Après cet exploit, les rameuses rennaises tarderont à renouer avec la victoireà ce niveau: en 1936, la SRR ne présente toujours qu’une équipe féminine à ses régates (elle termine à 200 m des autres équipes), mais en 1937, les Rennaises Grammont, Audren, Sinquin et Briend ont commencé à ramer en quatre de pointe et, le 13 juin, aux régates de Rennes, elles gagnent la course féminine devant une équipe du Cercle Nautique de Dinan (qui comptera bientôt une championne FSNLO en skiff, M elle Bousquet) ainsi que la Coupe féminine des Ecoles, en yole à 4 devant une autre équipe rennaise composée de M elles Houée, Macé, Meunier et Guisne. L’année suivante on trouve encore deux équipes féminines rennaises engagées en yole de mer aux Régates de Rennes: M elle Grammont, M me Sinquin, Madeleine et Suzanne Fauconnier qui l’emportent devant M elles Bizouart, Huchet, Carré et Bouziges (Mireille), barreur Cospain.

A la veille de la Seconde Guerre Mondiale, les femmes ou plutôt les «jeunes filles»—des étudiantes essentiellement car la demande d’adhésion de demoiselles de Prisunic ne trouve pas les parrainages nécessaires— sont donc désormais bien présentes au sein de la SRR, des femmes qui ne craignent pas se montrer en short et chemisier à manches courtes et de se mélanger aux garçons (des mariages s’ensuivront).
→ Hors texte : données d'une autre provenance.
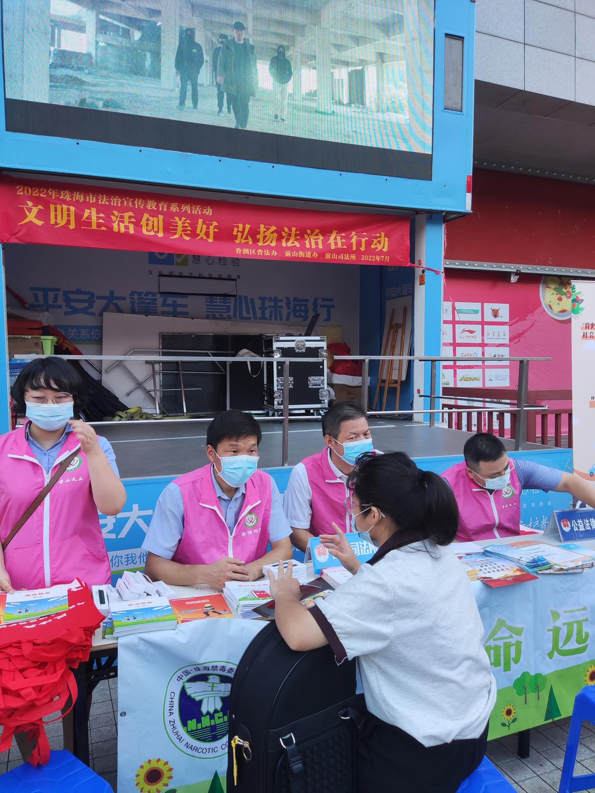 为推进全国文明城市建设工作,丰富市民群众的法治文化生活,进一步提升市民群众对法律法规的知晓度、法治精神的认同度、法治实践的参与度,7月31日,珠海市司法局、香洲区司法局联合前山司法所、前山综治办、岱山社区居委会在前山街道诚丰广场开展了一场主题为“文明生活创美好 弘扬法治在行动”的法治宣传教育活动,当天活动吸引了500名居民参与,共派发各类宣传资料及普法小礼品2000余份,现场解答居民法律咨询7宗。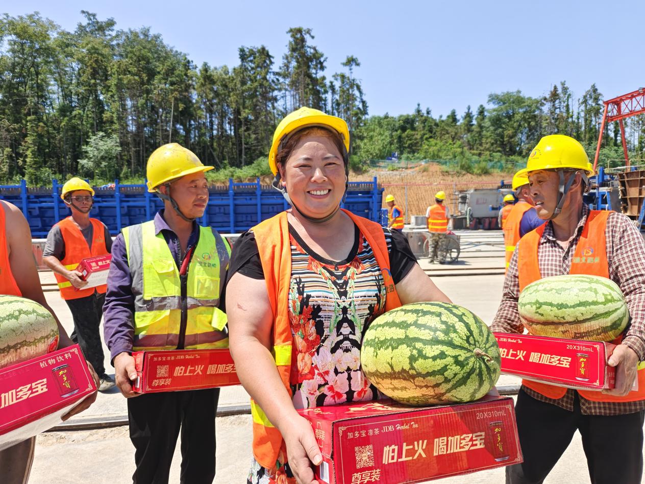 汪繼明深入赤壁東項目2號梁場,實地察看項目施工進展、安全質(zhì)量管控等情況,隨后在項目現(xiàn)場進行慰問,將防暑降溫物品送到一線員工手中,將集團的關心關愛送到職工群眾心坎上,為酷暑“降”溫,讓愛心“升”溫。同時他貼心叮囑大家要勞逸結合,注意防暑降溫,確保安全生產(chǎn)。湖北交投鄂南公司黨委書記、董事長倪四清,黨委委員、副總經(jīng)理湯立志等參與慰問活動。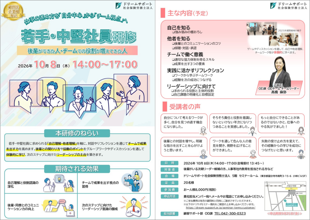 若手・中堅社員に求められる「自己理解・他者理解」を軸に、対話やリフレクションを通じてチームで成果を出す力を高めます。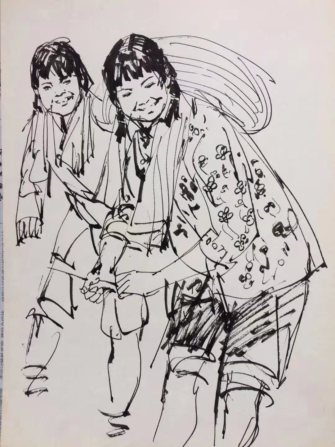 作者上世纪七十年代插队到栾城县东尹村,颇具绘画潜质,擅长人物速写。那个年代值得回忆的点点滴滴,重新让我们感受到了那个充满热血的青葱时光。一切一切都倍感亲切和珍贵。这些速写画稿,线条讲究、构图有致、表情生动,十分难得,(图一~图四,画的是当年知青生产、生活、友谊情景。图五是知青房东大娘,图六是村小学的学生)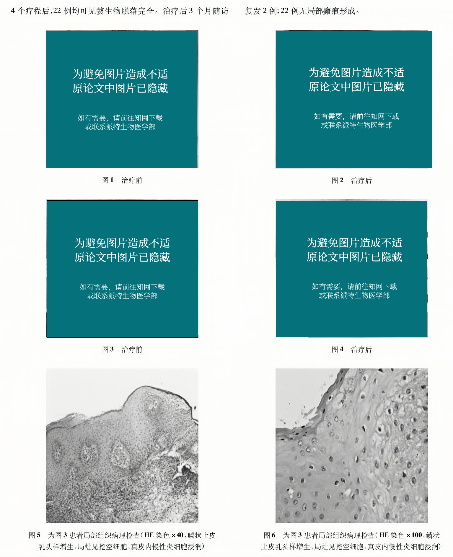 肉眼及醋酸白實(shí)驗(yàn)觀察患者疣體消除,且在治療后3個(gè)月內(nèi),原疣體部位未復(fù)發(fā)。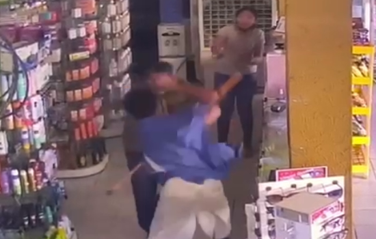 Durante a briga, objetos chegam a cair das prateleiras e outros funcionários aparecem usando bancos de madeira para agredir o invasor. Após o episódio, o homem saiu da farmácia sem levar nada.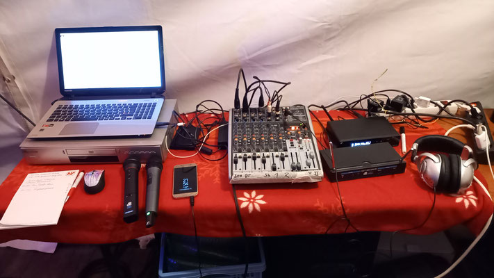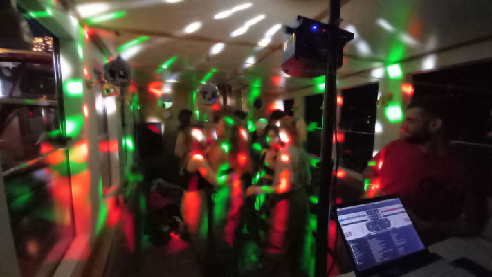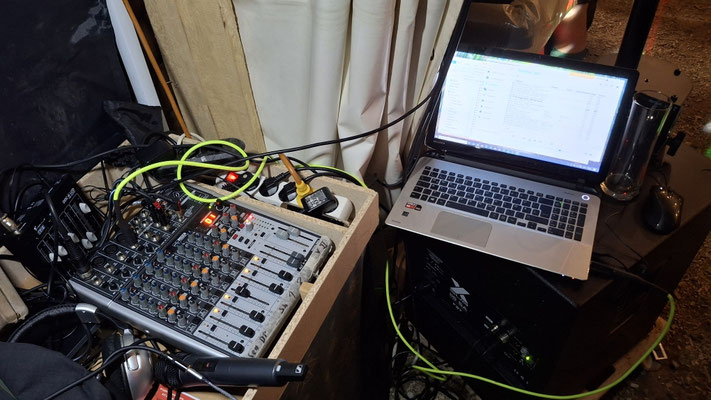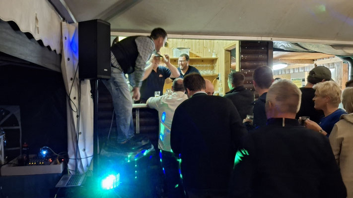Danach eine rauschende Polter-Party, sehr eng in Bar und Zelten, teilweise verwinkelt. Hier bin ich besonders flexibel bei Platzierung von Boxen und unterschiedlicher Lautstärke.

Elles participent activement à la vie de la Société: en tant que dirigeantes (en 1937, l’autre double championne FSNLO, M elle  Grammont (également étudiante aux Beaux-Arts) a succédé à M elle Rault au poste de 3 e Vice-Président(e) et partage la responsabilité de l’entraînement féminin avec Josée Bizouart, M elle Guisne étant trésorière et M me Sinquin trésorière adjointe), en tant que rameuses de compétition mais aussi de “loisirs” (le terme n’est pas encore employé) qui participent, par exemple, à la promenade à Cesson organisée en collaboration avec la section de Rennes du Kayak-club de France (cf.  Ouest-Eclair du 16 mars 1936)  ou excursion à laquelle participent un groupe ??? de 25 à 30 personnes jeunes (embarcations Bizouart 30: 2 yoles à 4, une à 2, un canoë français, 3 canoës indiens, 2 périssoires)dont rend compte reportage photo et sans doute à la descente de la Rance de l’écluse du Chatelier jusqu’ à Saint-Servan le 29 mai 1938 et, bien sûr, à la Matinée dansante du 3 mars 1938, organisée à l’occasion du 70 e anniversaire de la fondation de la Société des Régates Rennaises.